The Dodd-Frank Wall Street Reform and Consumer Protection Act (the "Act") was signed into law by President Obama on July 21. The Act includes a number of important provisions of interest that we will address in a series of Alerts to our banking clients. The Act makes significant changes to the ability of bank and thrift holding companies to issue trust preferred securities ("TRUPS") and continue to count them as Tier 1 capital.
History of the Legislation
The House-passed version of the legislation (H.R. 4173) did not contain any provisions addressing the capital treatment of TRUPS. The subsequent Senate bill included provisions inserted by Senator Collins (R-Maine) that were supported by the FDIC, which would have eliminated Tier 1 capital treatment for TRUPS. These provisions were eased during the deliberations between the Senate and House of Representative conferees that produced the Conference Report, which was approved by the House on June 30 and the Senate on July 15.
Final Provisions of Dodd-Frank
The final rules concerning TRUPS are as follows:
- Bank and thrift holding companies with assets of less than $15 billion as of December 31, 2009, will be permitted to include TRUPS that were issued before May 19, 2010, as Tier 1 capital.
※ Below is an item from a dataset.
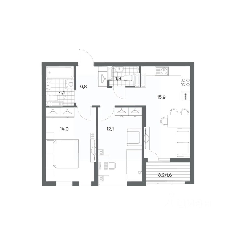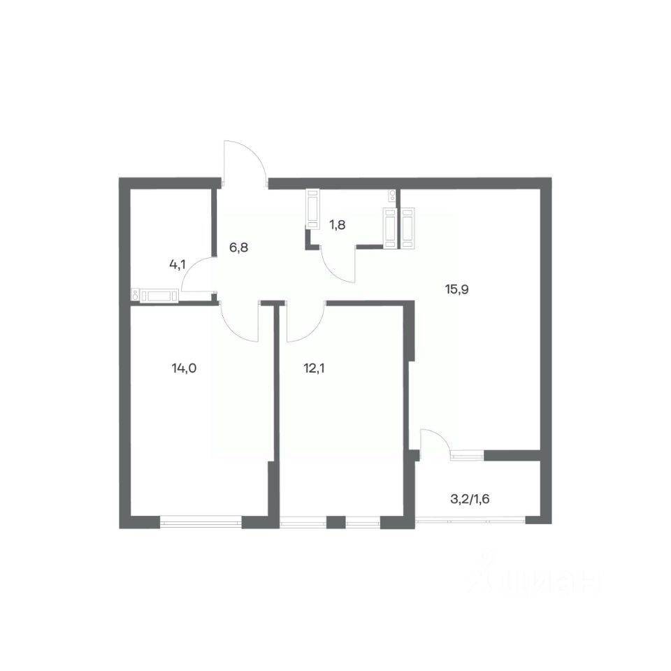 Продается квартира площадью 56.3 м² на 13 этаже 1 секции в Гагарина 30 от компании ГК ''ТРЕСТ''. Площадь кухни 15.9 м². Жилой комплекс комфорт-класса ''Гагарина 30'' расположен в Ленинградском районе Калининграда на улице Юрия Гагарина. Жилой комплекс включает в себя три корпуса высотой 9-18 этажей. Срок сдачи намечен на 1 квартал 2028 года.

- TRUPS issued before May 19, 2010, by larger bank and thrift holding companies will continue to be treated as Tier 1 capital until January 2013. At that time, the Tier 1 capital treatment will be phased out over a three-year period ending in January 2016. The specifics of this phaseout of Tier 1 capital treatment are to be determined by the bank regulators.
- Bank holding companies with assets of less than $500 million will be permitted to continue to issue TRUPS and have them count as Tier 1 capital.
- TRUPS issued by a bank or thrift holding company (other than those with assets of less than $500 million) after May 19, 2010, will no longer count as Tier 1 capital. TRUPS still will be entitled to be treated as Tier 2 capital.